#### THE DATA
◆ ◆ ◆ ◆

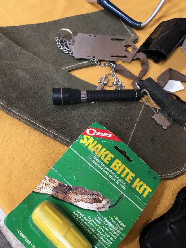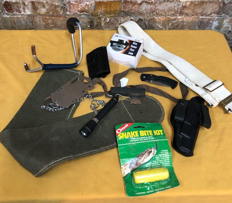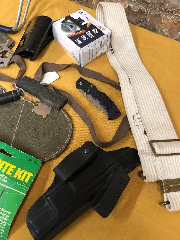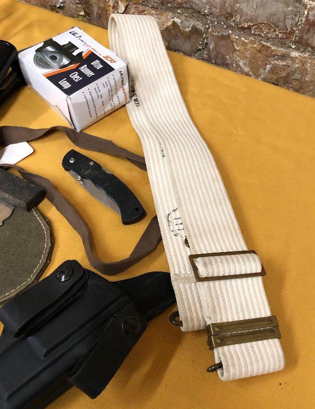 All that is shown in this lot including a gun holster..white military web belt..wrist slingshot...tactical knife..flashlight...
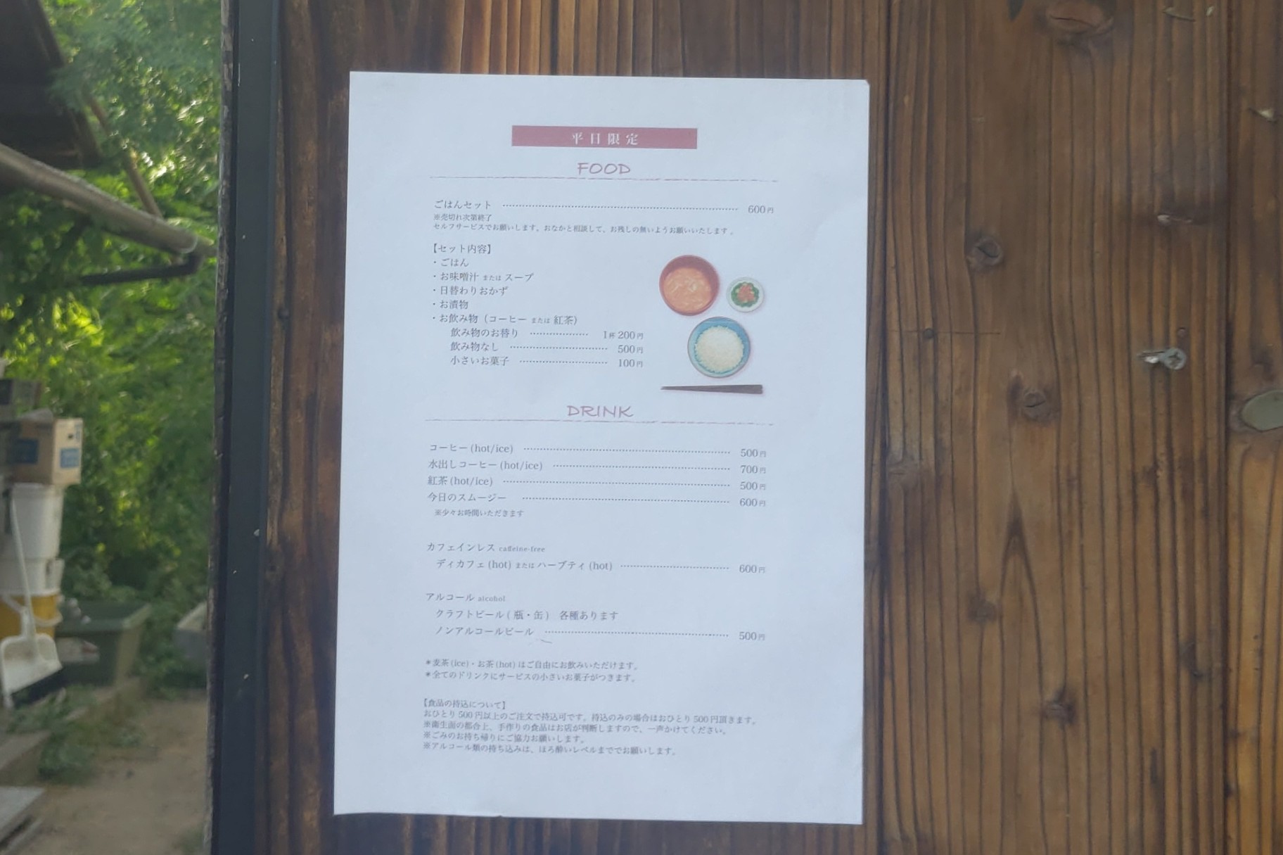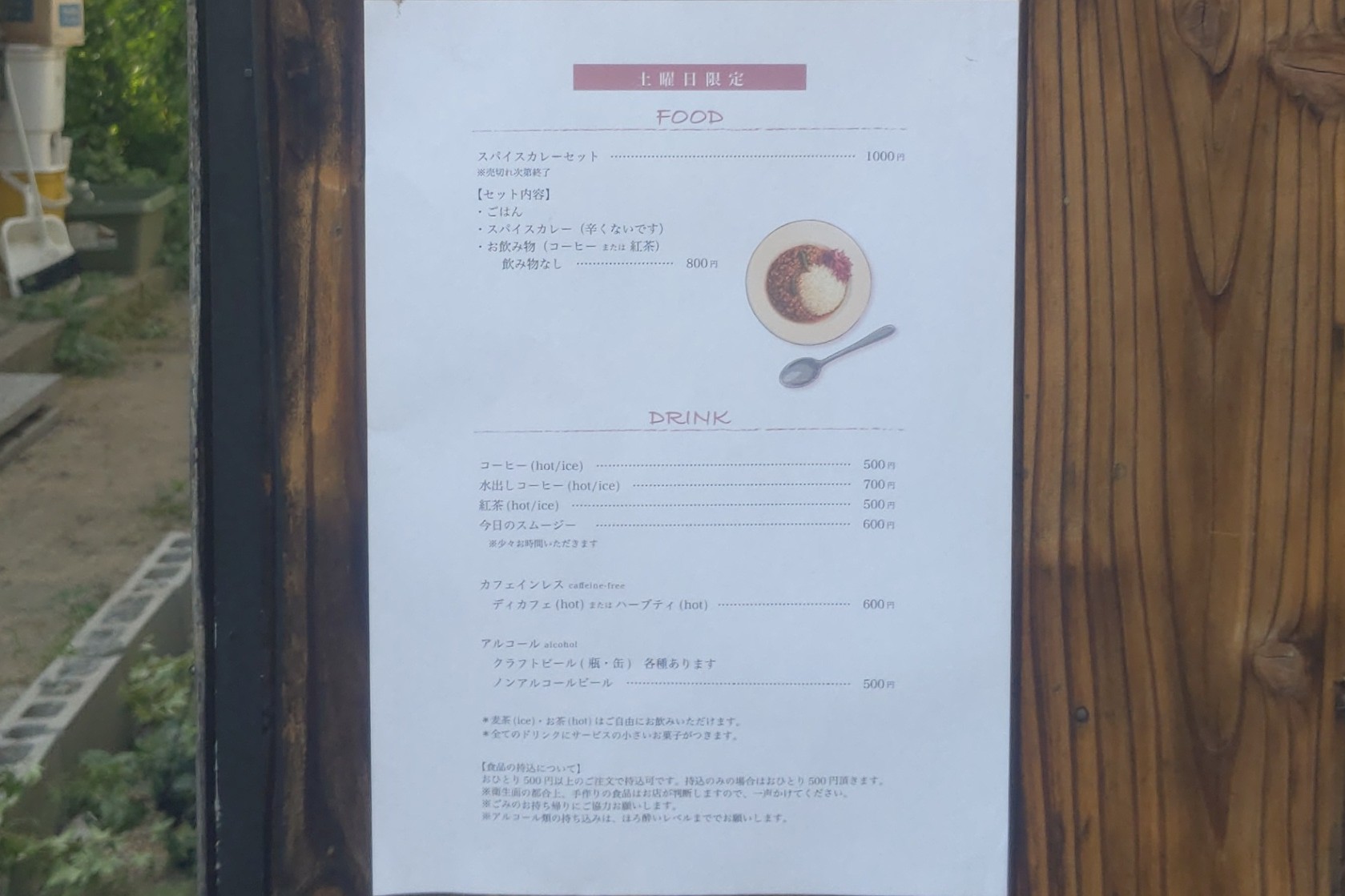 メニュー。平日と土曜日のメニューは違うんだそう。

◆ ◆ ◆ ◆

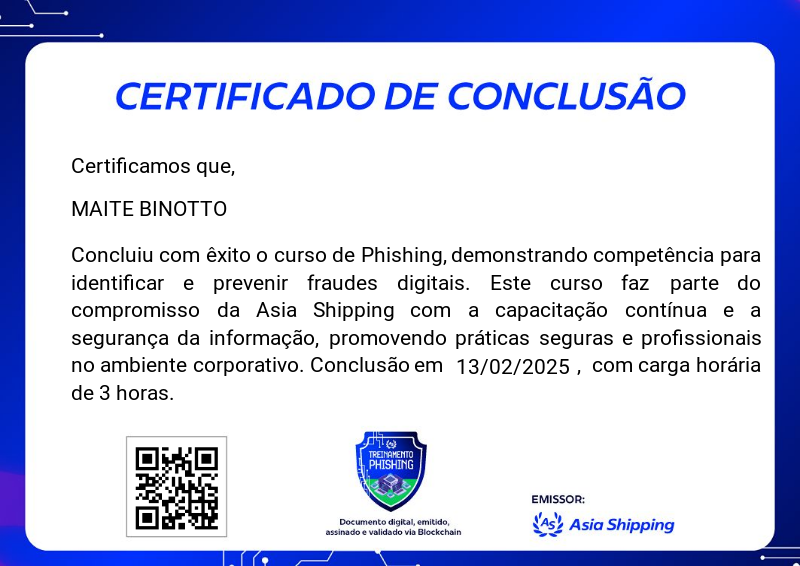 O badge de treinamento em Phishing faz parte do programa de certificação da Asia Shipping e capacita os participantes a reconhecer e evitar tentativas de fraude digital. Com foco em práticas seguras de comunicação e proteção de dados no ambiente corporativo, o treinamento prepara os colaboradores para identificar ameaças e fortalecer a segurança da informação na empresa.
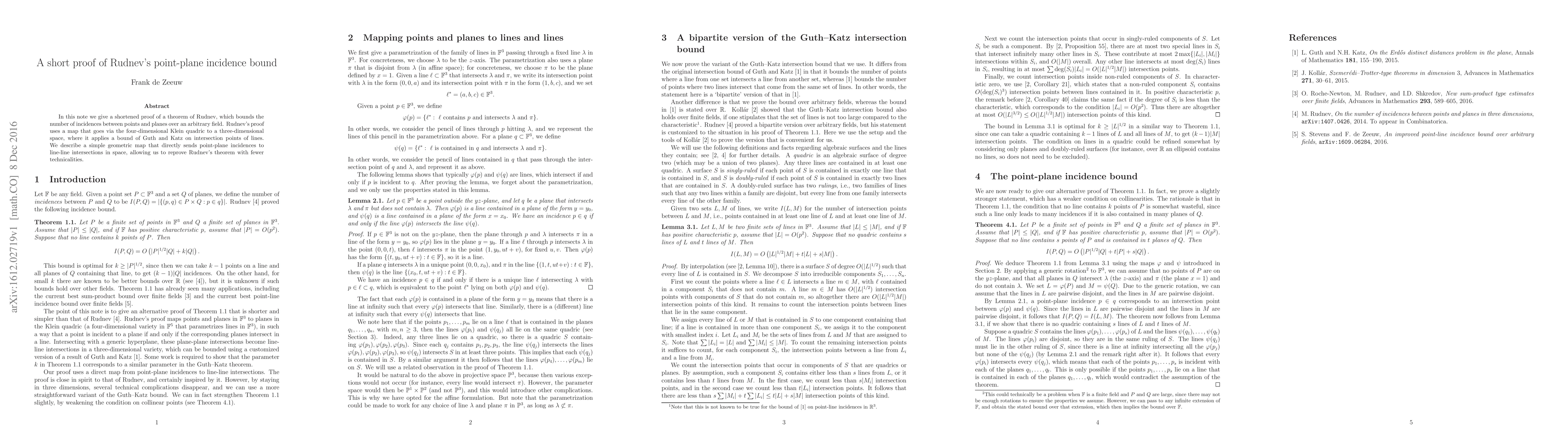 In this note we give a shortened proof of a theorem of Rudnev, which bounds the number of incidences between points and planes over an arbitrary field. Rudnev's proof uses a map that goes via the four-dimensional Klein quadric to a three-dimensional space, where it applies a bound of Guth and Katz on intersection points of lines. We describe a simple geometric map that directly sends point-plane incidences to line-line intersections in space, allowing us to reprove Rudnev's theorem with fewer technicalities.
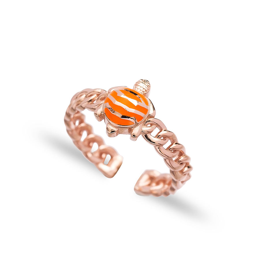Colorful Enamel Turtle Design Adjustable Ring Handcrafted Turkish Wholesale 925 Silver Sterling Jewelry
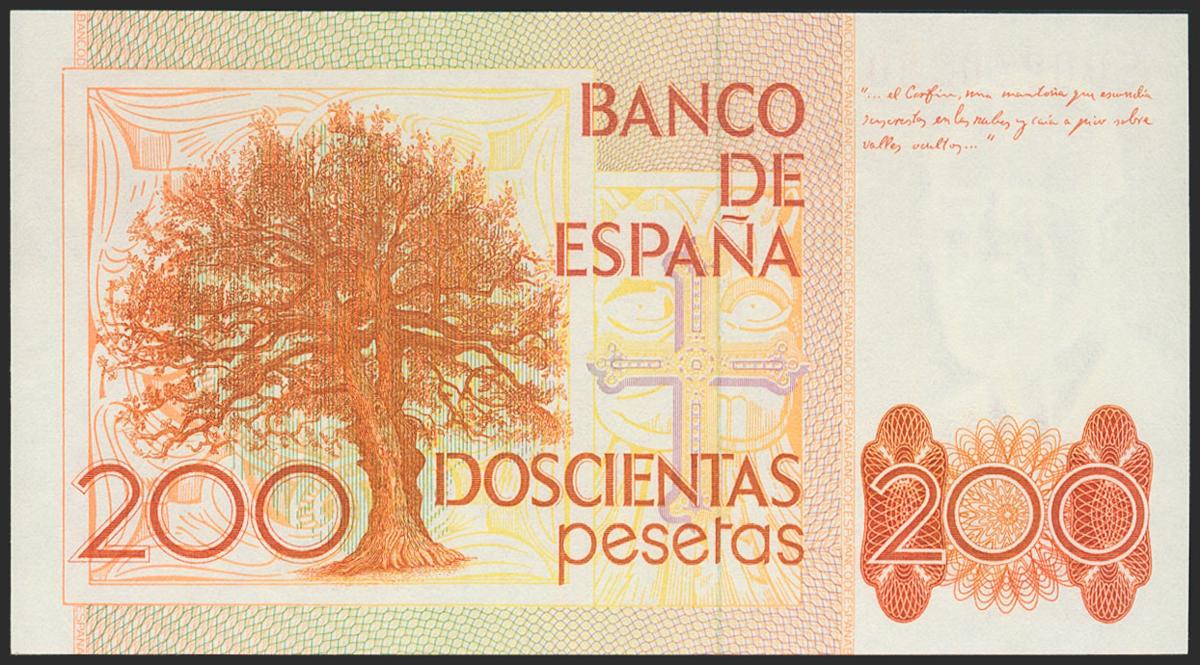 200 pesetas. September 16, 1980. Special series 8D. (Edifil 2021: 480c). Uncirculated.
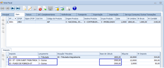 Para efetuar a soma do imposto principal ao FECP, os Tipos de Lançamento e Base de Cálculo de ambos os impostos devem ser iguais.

◆ ◆ ◆ ◆

#### PROBLEM DETAILS
Only the lines of the listing above from the one with "200 pesetas. September" through the one with "Para efetuar a" should be output, exactly, with both ends kept and pictures left out.

#### RESPONSE TO THE EXERCISE
 200 pesetas. September 16, 1980. Special series 8D. (Edifil 2021: 480c). Uncirculated.
 Para efetuar a soma do imposto principal ao FECP, os Tipos de Lançamento e Base de Cálculo de ambos os impostos devem ser iguais.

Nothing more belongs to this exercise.